*WHAT YOU ARE ASKED TO DO*. Among the entries below, copy only the span from the line containing "Podczas Ceremonii Zakończenia" through the line containing "2. 打开或关闭自适应声音功能,让耳机音量依据周围环境自动调节。". Do so exactly, and skip the pictures.

*DATA RECORDS*.
==============================

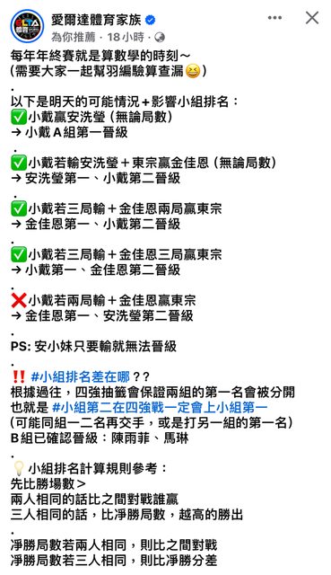 推 sunner: 小戴只要拿一盤就晉級 被2:0同時東宗贏就114.136.219.126 12/15 10:54
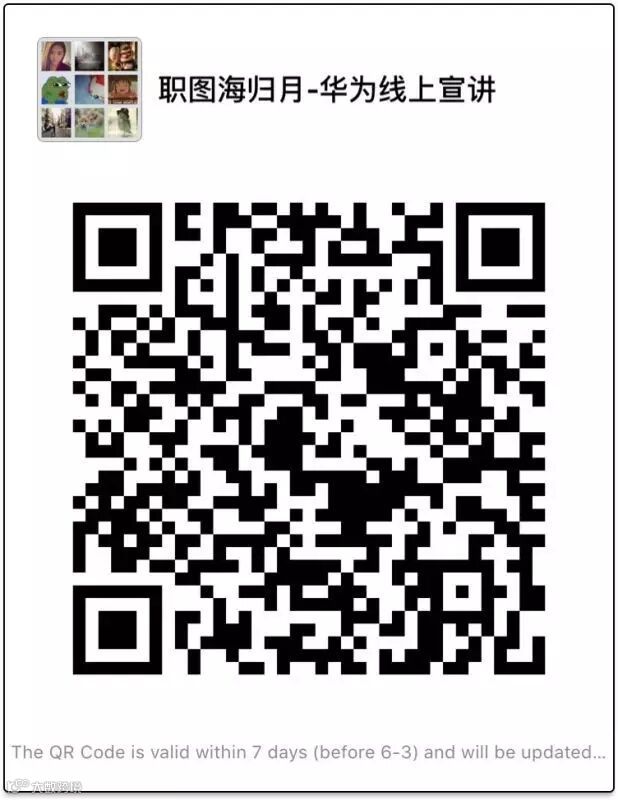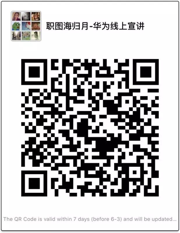 扫下方二维码,加入华为宣讲info群,有任何问题可以随时提问,还会邀请华为recruiter入群和大家交流!
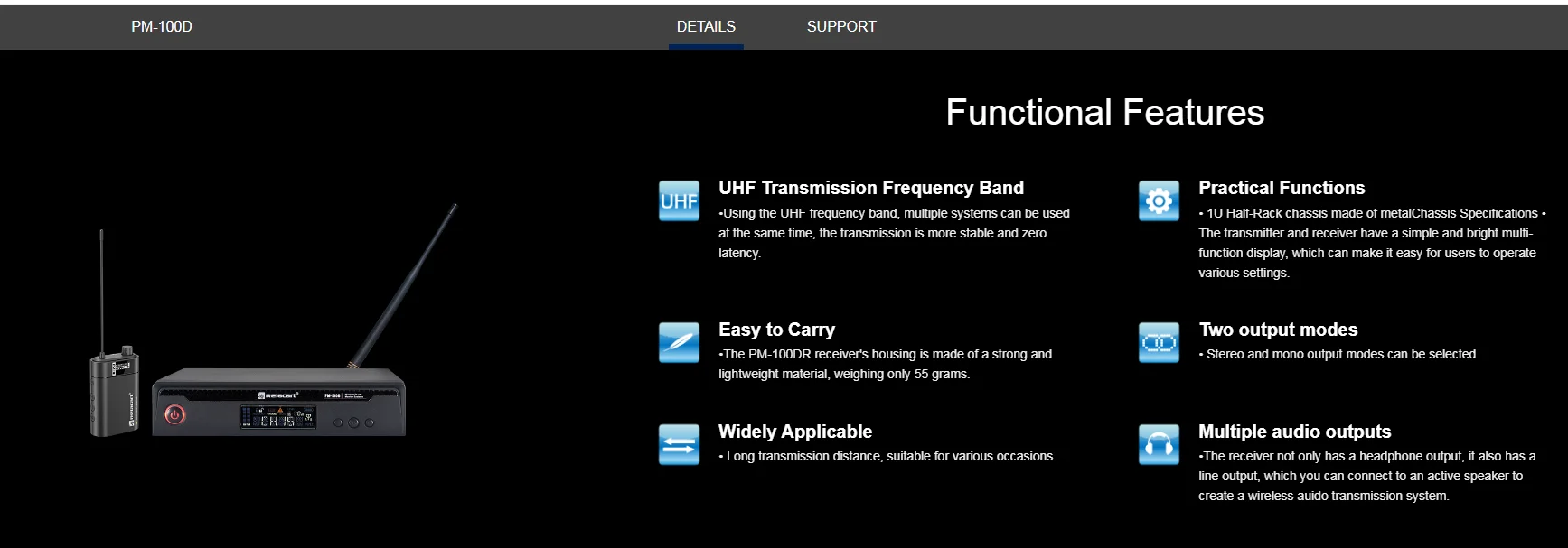QdBbQORTRFHere you can buy RELACART PM-100D Stereo Wireless In-Ear Monitor System Multiple audio outputs UHF Transmission Frequency Band with free delivery to your post office.
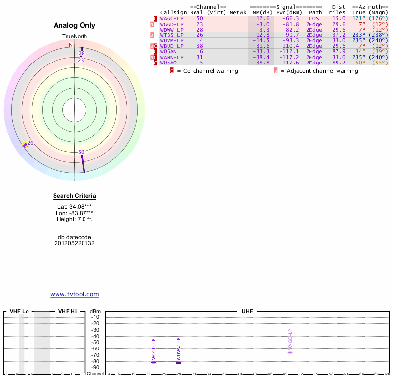 Here are the results for your location. The transmitter database was last updated on June 7, 2013. For more information about these plots and how to interpret them, please check out the Signal Analysis FAQ.
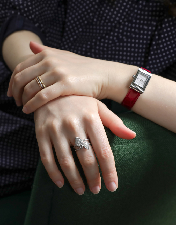 「もともと金属アレルギーで18K以下のゴールドは着けらなかったため、必然的に本物のジュエリーだけを持つようになりました。今着けている“セルパンボエム”はピンクゴールド、ホワイトゴールド、イエローゴールドの3つのリングを重ね着けするだけで、一気にエレガントさが増すのでお気に入りです。へビがモチーフのリングは、お守りのように私を守ってくれるので毎日着けていたいんですよね。その他にも両親から譲り受けたリングは特に大切に身に着けています。
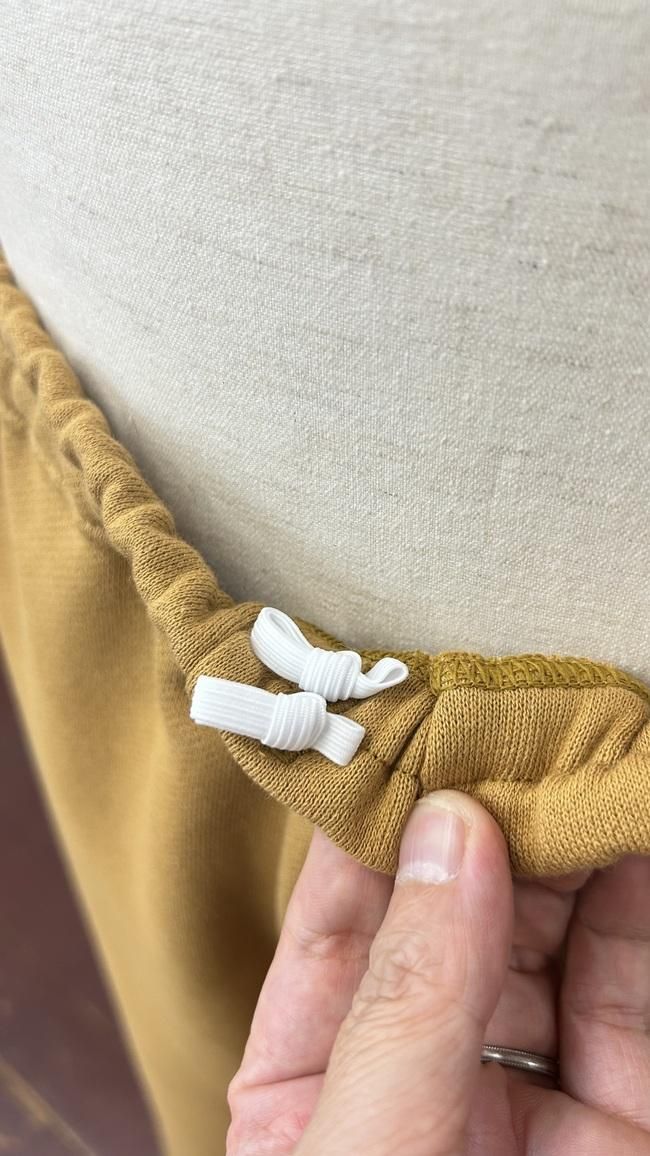 ウエストを調節できるよう、腰部分にゴムをつけています。結び直して調節を行えます。
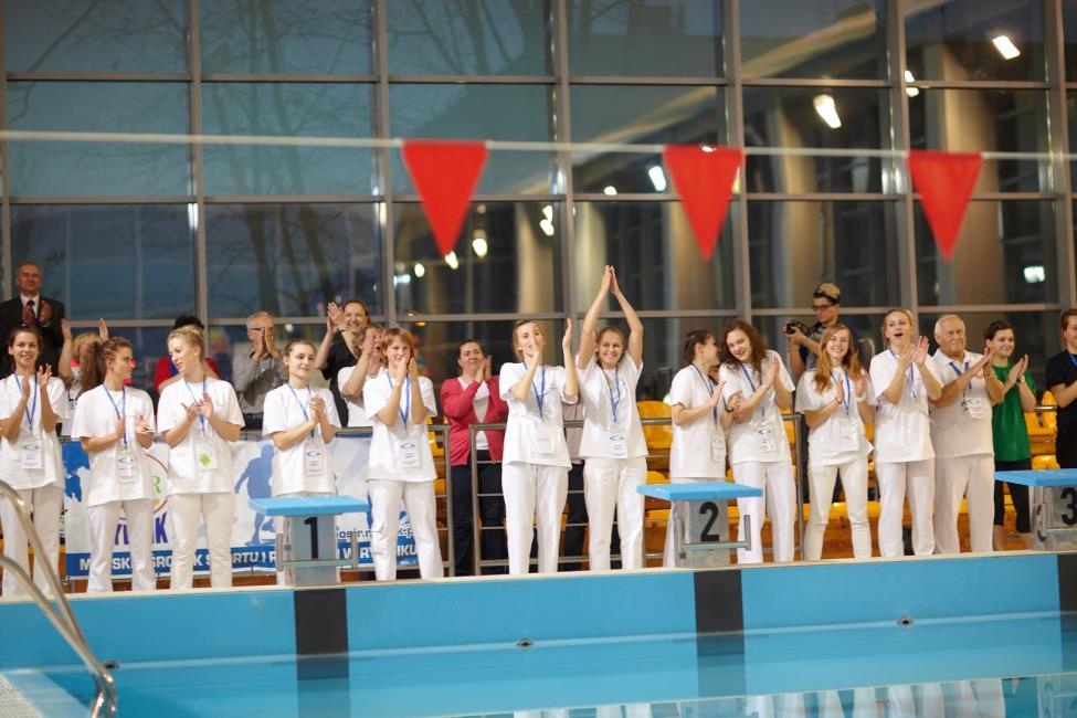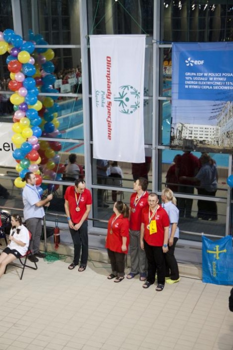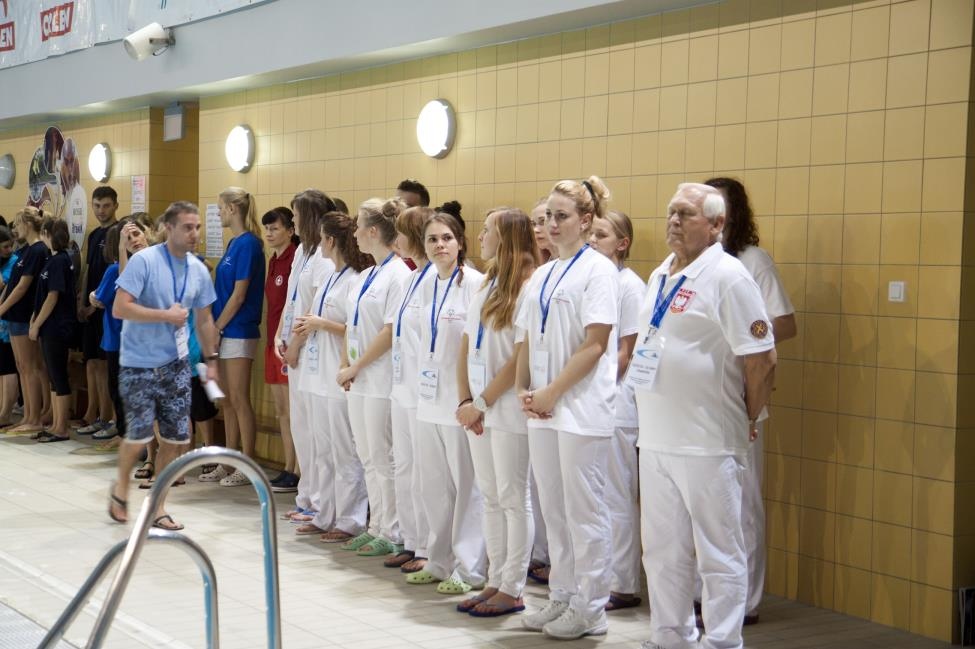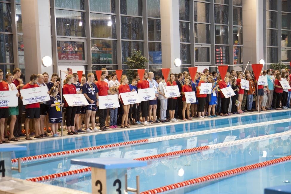 Podczas Ceremonii Zakończenia Zawodów wszyscy troszkę;) zmęczeni, ale jednocześnie szczęśliwi i uśmiechnięci wysłuchali jeszcze słów podziękowań i podziwu Sędziego Głównego Pana Aleksandra Bieleckiego. Jego uwagi odnośnie czynionych przez naszych pływaków postępów, które jako wieloletni uczestnik zawodów w roli sędziego mógł zaobserwować, dały motywację sportowcom ich trenerom, rodzicom do dalszych ciężkich treningów, a..organizatorom zawodów do dalszego podejmowania wysiłku przy umożliwianiu prezentacji umiejętności pływackich podczas organizowanych zawodów.
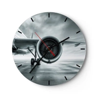 Reloj de pared - Reloj de vidrio - Vista del motor de un avión de pasajeros en la pista del aeropuerto. - 30x30cm - Hay poder - Decoración de pared moderna para salón, cocina y dormitorio ARTTOR
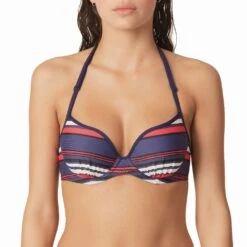 Herzförmiges Bikini-Oberteil mit einer feinen, gestreiften Textur, einem Bügel und vorgeformten, unterlegten Cups. Die Bändchen lassen sich einstellen und auch als Neckholder tragen. Der hübsche Ring und die goldfarbenen Regler am Einstellbändchen verleihen dem Design ein besonderes Cachet.
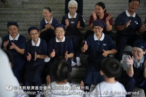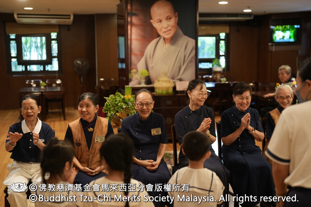 随后,孩子们来到知客室,向7位常驻志工送上爱的祝福。这些日夜守护静思堂的志工,接收到孩子们最纯粹的感谢,脸上绽放出欣慰的笑容。简单的互动中,传递着深厚的温情。
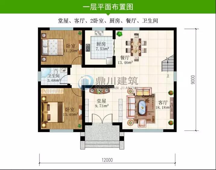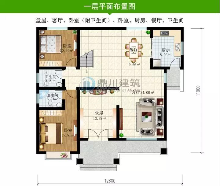 ■一層設(shè)有堂屋、客廳、餐廳、帶獨(dú)衛(wèi)的臥室,廚房連通戶(hù)外,方便進(jìn)出。
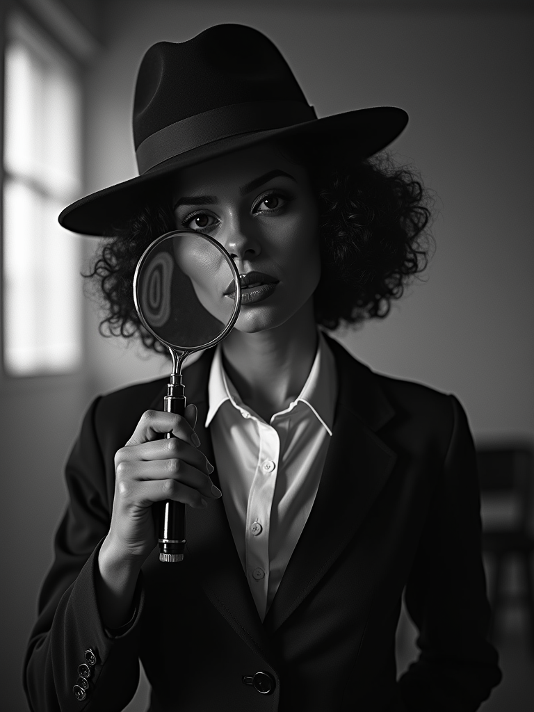 black and white 35mm film of model as a 1920s silent film detective with magnifying glass, wearing a tailored suit with feminine details, exaggerated suspicious expression , dramatic shadows, black and white with film scratches, mysterious crime scene setting
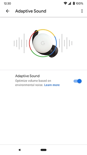 2. 打开或关闭自适应声音功能,让耳机音量依据周围环境自动调节。
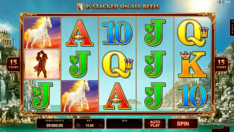 De machines van Microgaming hebben eenvoudige software waardoor gokkers de regels vrij snel begrijpen. Het aantal lijnen in de Titans of the Sun Hyperion slot kan niet gewijzigd worden, maar de waarde van de inzet kan wel aangepast worden. De maximale inzet per draai is 30 credits, wat deze slot interessant maakt voor kleinere gokkers. Met de Autoplay-optie kun je het aantal spins voor een automatisch spel selecteren. Je kunt een van de bestaande opties kiezen (10, 25, 50 of 100 spins) of het zelf aanpassen. De top 5 winsten worden weergegeven in het WIN-vak, waar je ook je recente winsten kunt zien. Je huidige inzetgrootte wordt weergegeven op een rol aan de linkerkant van het spelscherm. Je kunt het veranderen door omhoog en omlaag te scrollen.
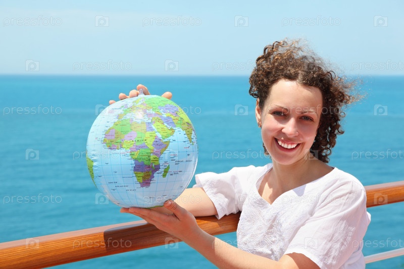 Женщина улыбается, держа земной шар на палубе круизного лайнера

==============================

*FINISHED TASK*.
 Podczas Ceremonii Zakończenia Zawodów wszyscy troszkę;) zmęczeni, ale jednocześnie szczęśliwi i uśmiechnięci wysłuchali jeszcze słów podziękowań i podziwu Sędziego Głównego Pana Aleksandra Bieleckiego. Jego uwagi odnośnie czynionych przez naszych pływaków postępów, które jako wieloletni uczestnik zawodów w roli sędziego mógł zaobserwować, dały motywację sportowcom ich trenerom, rodzicom do dalszych ciężkich treningów, a..organizatorom zawodów do dalszego podejmowania wysiłku przy umożliwianiu prezentacji umiejętności pływackich podczas organizowanych zawodów.
 Reloj de pared - Reloj de vidrio - Vista del motor de un avión de pasajeros en la pista del aeropuerto. - 30x30cm - Hay poder - Decoración de pared moderna para salón, cocina y dormitorio ARTTOR
 Herzförmiges Bikini-Oberteil mit einer feinen, gestreiften Textur, einem Bügel und vorgeformten, unterlegten Cups. Die Bändchen lassen sich einstellen und auch als Neckholder tragen. Der hübsche Ring und die goldfarbenen Regler am Einstellbändchen verleihen dem Design ein besonderes Cachet.
 随后,孩子们来到知客室,向7位常驻志工送上爱的祝福。这些日夜守护静思堂的志工,接收到孩子们最纯粹的感谢,脸上绽放出欣慰的笑容。简单的互动中,传递着深厚的温情。
 ■一層設(shè)有堂屋、客廳、餐廳、帶獨(dú)衛(wèi)的臥室,廚房連通戶(hù)外,方便進(jìn)出。
 black and white 35mm film of model as a 1920s silent film detective with magnifying glass, wearing a tailored suit with feminine details, exaggerated suspicious expression , dramatic shadows, black and white with film scratches, mysterious crime scene setting
 2. 打开或关闭自适应声音功能,让耳机音量依据周围环境自动调节。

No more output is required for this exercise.